Myelofibrosis: Symptoms, Types, Causes and Treatment

Myelofibrosis is a rare and complex blood cancer that often goes unrecognized in its early stages. It belongs to a group of diseases known as myeloproliferative neoplasms (MPNs) and is marked by scarring (fibrosis) of the bone marrow, leading to a range of symptoms, complications, and variable outcomes. This article offers a comprehensive, evidence-based overview of myelofibrosis: exploring its symptoms, the different types, underlying causes, and the latest approaches to treatment. Whether you are a patient, caregiver, or simply interested in hematology, this guide will help clarify the multifaceted nature of myelofibrosis.

Symptoms of Myelofibrosis

Myelofibrosis can manifest with a broad spectrum of symptoms, from subtle early signs to severe complications as the disease progresses. Understanding these symptoms is vital for early detection and effective management.

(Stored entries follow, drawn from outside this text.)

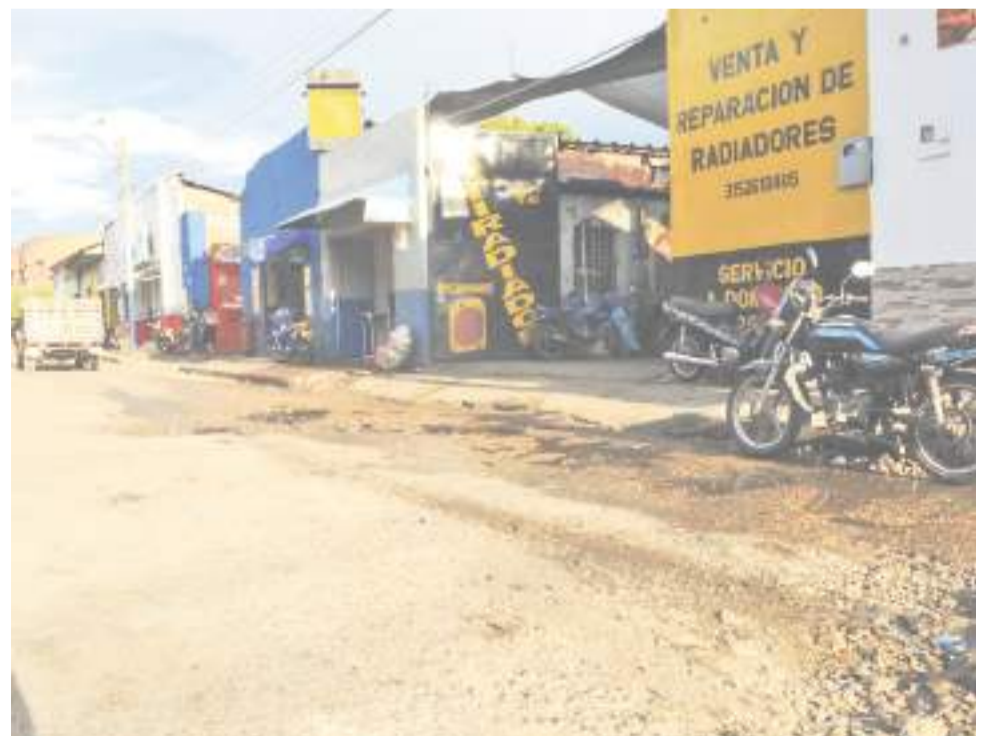
La oferta es variada, desde lujos, repuestos y reparaciones.
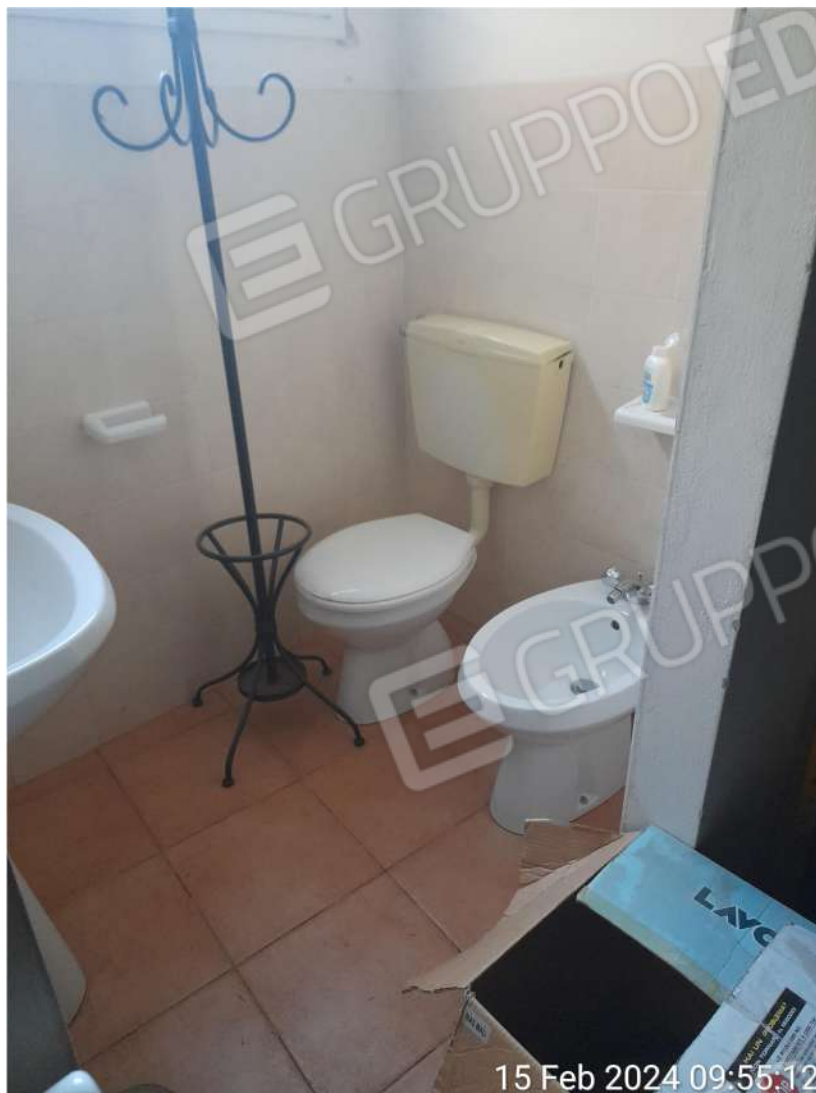
Bagno piano terra
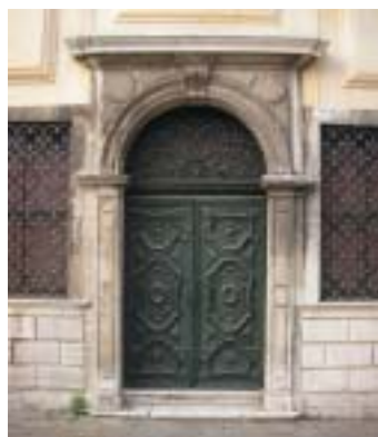
Scuola Levantine – portál.
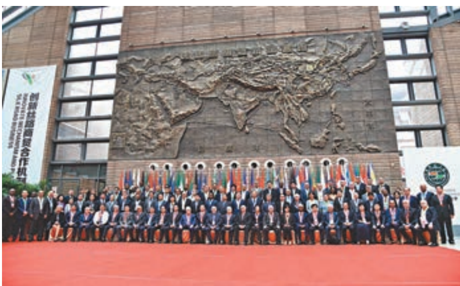
「一帶一路」沿線70餘個國家的代表出席第二屆絲綢之路工商領導人(西安)峰會暨絲綢之路國際文化周。

峰會發來賀信, 她在賀信中指出, 國家「一帶一路」倡議推動國際合作, 促進區域發展, 加強人文交流。香港是「一帶一路」建設的重要節點, 並在「一帶一路」建設中擔當「超級聯繫人」的角色。香港會好好把握「一帶一路」帶來的龐大機遇, 充分發揮「一國兩制」的獨特優勢和自身所長, 協助推動「一帶一路」沿線國家在不同領域深化合作, 為「一帶一路」建設作出貢獻。
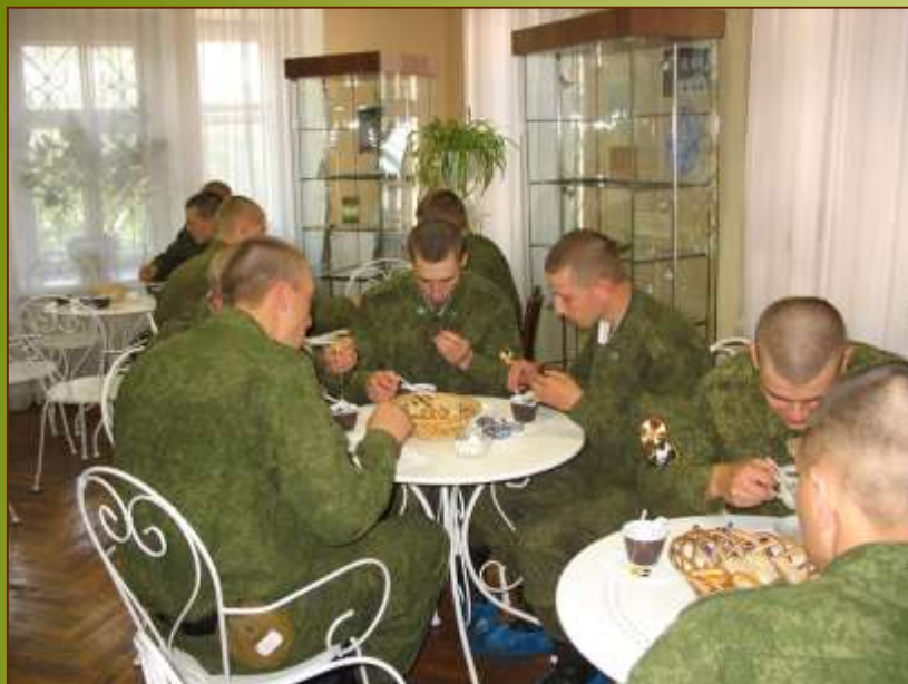
Военнослужащие в/ч 7408 в созданной в музее зоне гостеприимства
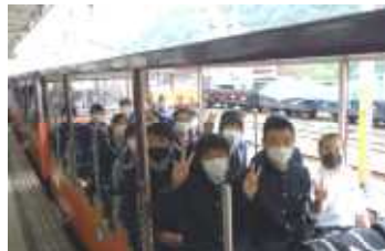
トロッコ電車乗車
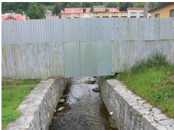
Plot areálu IMTESA přes koryto Kamenného potoka.
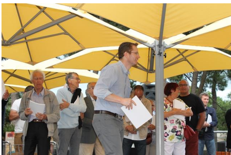
50 ans du Comité 17 Le 16 juin 2018 A Ronce Les Bains
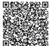
ホームページはこちら
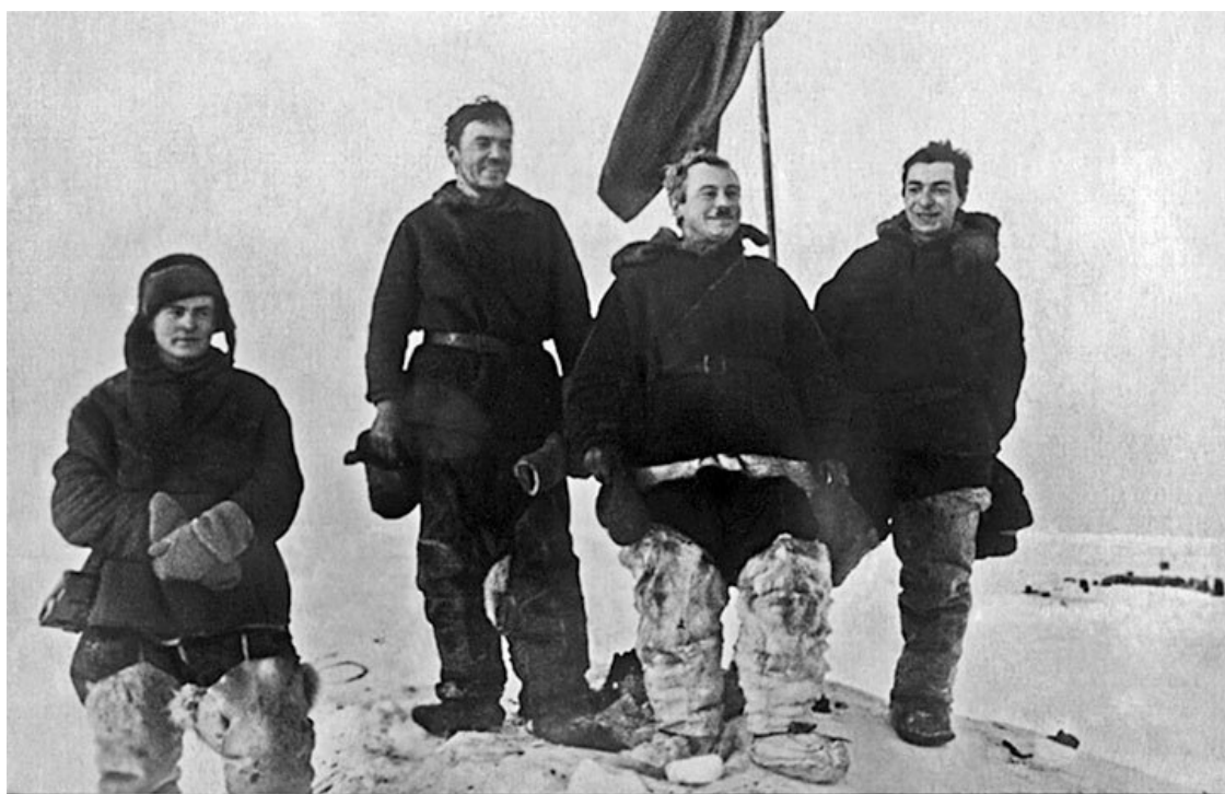
Дрейфующая станция «Северный полюс-1». Папанинцы

Все знаменитые полёты в Арктику, на Северный полюс совершались через Архангельск. Здесь побывали папанинцы, Шмидт, полярные летчики-асы Бабушкин, Водопьянов, Молоков, Чухновский и другие. Воротами в Арктику, городом полярных экспедиций Архангельск остаётся и в наши дни. Не зря принято решение о том, что Администрация Северного морского пути будет располагаться в двух офисах: в Москве и Архангельске. Сотрудники поморского офиса занимаются «прикладными» проблемами: улаживают вопросы, касающиеся использования полярной авиации, согласовывают работы с Росгидрометом.

Symptom	Description	Prevalence/Severity	Source(s)
Fatigue	Persistent tiredness, exhaustion	Very common, often severe	1 5 4
Splenomegaly	Enlarged spleen, abdominal fullness/pain	Common, progressive	4 6 8
Anemia	Low red blood cell count, pallor, weakness	Frequent, worsens over time	5 8 4
Bruising/Bleeding	Easy bruising, prolonged bleeding	Due to low platelets	5 9 4
Infections	Increased susceptibility	Due to low white cells	5 9
Night sweats	Excessive sweating during sleep	Constitutional symptom	4 1
Weight loss	Unintentional, often significant	Advanced disease	4 2 3

Table 1: Key Symptoms

Fatigue and Quality of Life

Fatigue is reported as the most frequent and severe symptom among patients with myelofibrosis, significantly impacting their daily function and quality of life—even in those with lower disease risk or symptom burden. This tiredness is often profound, not relieved by rest, and may be accompanied by weakness and a general sense of malaise. Fatigue, along with other constitutional symptoms (like night sweats and weight loss), can affect work ability and overall activity levels, underlining the importance of symptom management for maintaining patient well-being 1 4.

Splenomegaly and Abdominal Discomfort

As bone marrow function deteriorates, the body attempts to produce blood cells in other organs, most notably the spleen and liver—a process called extramedullary hematopoiesis. This leads to splenomegaly (enlargement of the spleen), which may cause a sensation of abdominal fullness, early satiety, pain, or even complications like portal hypertension and variceal bleeding 4 6 8. Hepatomegaly (enlarged liver) can also occur.

Blood Cell Abnormalities: Anemia, Bleeding, and Infections

The scarring of the bone marrow impairs its ability to produce blood cells, leading to:

• Anemia: Responsible for pallor, shortness of breath, and worsening fatigue. Progressive anemia is a hallmark of advancing disease 5 8.
• Thrombocytopenia (low platelets): Increases the risk of easy bruising and bleeding 5 9.
• Leukopenia (low white cells): Heightens susceptibility to infections, sometimes severe or recurrent 5 9.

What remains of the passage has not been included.